Regex Matcher - Texera/texera GitHub Wiki
Author(s): Zuozhi Wang, Shuying Lai
Reviewer(s): Chen Li REVIEWED
Synopsys
Implement an operator to use an index-based method based on gram inverted index to support efficient regular expressions on large datasets. Our implementation is based on Russ Cox's algorithm and the corresponding open source implementation.
Status
As of 6/14/2016: FINISHED
Modules
edu.uci.ics.texera.dataflow.regexmatch
com.google.re2j
Related Issues
https://github.com/Texera/texera/issues/30 and https://github.com/Texera/texera/issues/99
Description
Our approach has the following steps:
- Build a gram index for documents using Lucene.
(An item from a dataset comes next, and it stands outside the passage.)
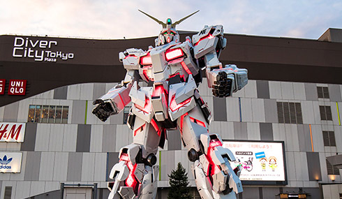 位於東京灣畔的台場 Diver City Tokyo Plaza,是以「劇場式都市空間」為概念的大型購物中心。商場前最吸睛的目標,莫過於 1:1 等身比例的「獨角獸鋼彈」立像,這尊高達 19.7 公尺的巨型機甲不僅是全球鋼彈迷的朝聖地,每日定時的變身表演與夜晚燈光秀更是氣勢磅礡。
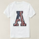 Um design elegante apresentando a letra "A" preenchida com um motivo de bandeira americana. A combinação de tipografia clássica com tons patrióticos de vermelho, branco e azul cria um design único e moderno. Perfeito para quem deseja expressar orgulho nacional ou personalizar produtos com sua inicial. Funciona perfeitamente em camisetas, almofadas, canecas e outros produtos de impressão sob demanda – especialmente para ocasiões como o Dia 4 de Julho ou o Dia da Memória.

- Translate a regular expression to a boolean expression using Russ Cox's algorithm.
- Run the Boolean query on Lucene to compute candidate documents.
- Postprocess these candidate documents to remove false positives.
Presentation
[Presentation] (https://docs.google.com/presentation/d/1F3Xboeb_azHSjWbJ2Cl36kGHpIeo_6-lI24XwXjq_hA/edit?usp=sharing) (Team 3)
Performance Test
Machine setting: Macbook Air (mid-2013), Intel Core i7 (4650U), SSD hard drive, 8GB memory.
- Data set: 1 million Medline records, about 1.53 GB
- Regex:
\bmedic(ine|al|ation|are|aid)?\b
("medicine" or "medical" or "medication" or "medicare" or "medicaid") - Performance results (average time reported in seconds):
Index Based | Scan Based | |
---|---|---|
Regex Matcher | 7.43 | 67.65 |
RE2J | 11.88 | 99.05 |
- Data set: 5 million Medline records, about 7.8 GB.
- Regex:
\bmedic(ine|al|ation|are|aid)?\b
("medicine" or "medical" or "medication" or "medicare" or "medicaid") - Performance results (average time reported in seconds):
Index Based | Scan Based | |
---|---|---|
Regex Matcher | 28.11 | 330.754 |
RE2J | 44.72 | 506.34 |
TODOs
- Design and implement algorithm to compare two boolean expressions. The basic idea is to format boolean expressions into DNF, and check the equivalence of two DNFs. There is a PR for this task: https://github.com/Texera/texera/pull/127 FINISHED
- Use token position information to generate a more selective query to reduce the number of candidate documents.